The girls, meanwhile, went 2-1 to finish fifth in their tournament against the same field, only hosted at Central Heights. The Cats picked up wins against an overmatched Olathe Christian squad and Class 3A state-bound Wellsville.
Still, Spencer said fighting with the big dogs should do his team much more good lording over smaller schools ever did.
"I don't want to go up there, get pounded and get discouraged," he said. "This is by far a better tournament than the one at Central Heights. We've had one really good team to play against in those three games. This year we'll be playing three teams as good as that team was last year.
"The whole thing is to go out there, compete, learn and get better. If we win three, that's great.
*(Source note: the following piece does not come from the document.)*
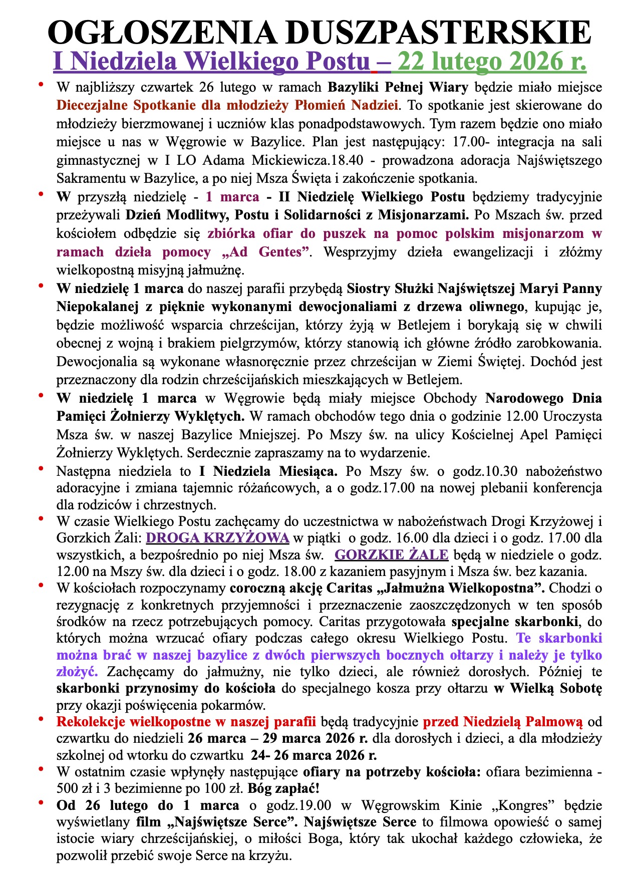 I Niedziela Wielkiego Postu – 22 lutego 2026 r.

If we lose three, we can live with that if we work hard, compete every game and get better."
As for the prospects of disaster -- two or three runaway games -- that's not possible with the right approach.
"A lot of it has to do with coaching. If we go out there and get beat by 40 every game and every game I'm going in and ripping them and telling them how terrible they are, yeah, it will be a disaster,'" he said. "But if I go in and tell them hey, these are 5A, 6A schools -- these are good schools -- this is going to make us better."
The idea of getting out of the Central Heights/Anderson County tournament was actually born several years ago when Roy Hawley was still the athletic director. The backbone of the tournament was several Frontier League programs, the empty slots being filled by smaller schools from the Kansas City-metro area.
Some of the non-league teams were good -- Metro Academy knocked the De Soto girls to the consolation game each of the last two years -- but others were rarely competitive.
Even the advantage of previewing league opponents eventually disappeared as Central Heights, Wellsville and Osawatomie all left the Frontier League this summer.
"I said (to Hawley) 'Ya know what would be nice, even if we have to do some fundraising, is if could travel some place just go for a weekend tournament. It'd be a great experience for the kids and good experience for when they go to state down the road,'" Spencer said. "They came across Hays and Hays pays us a little -- it doesn't come close to covering our expenses -- but he asked if we should go and I said 'Let's try it!"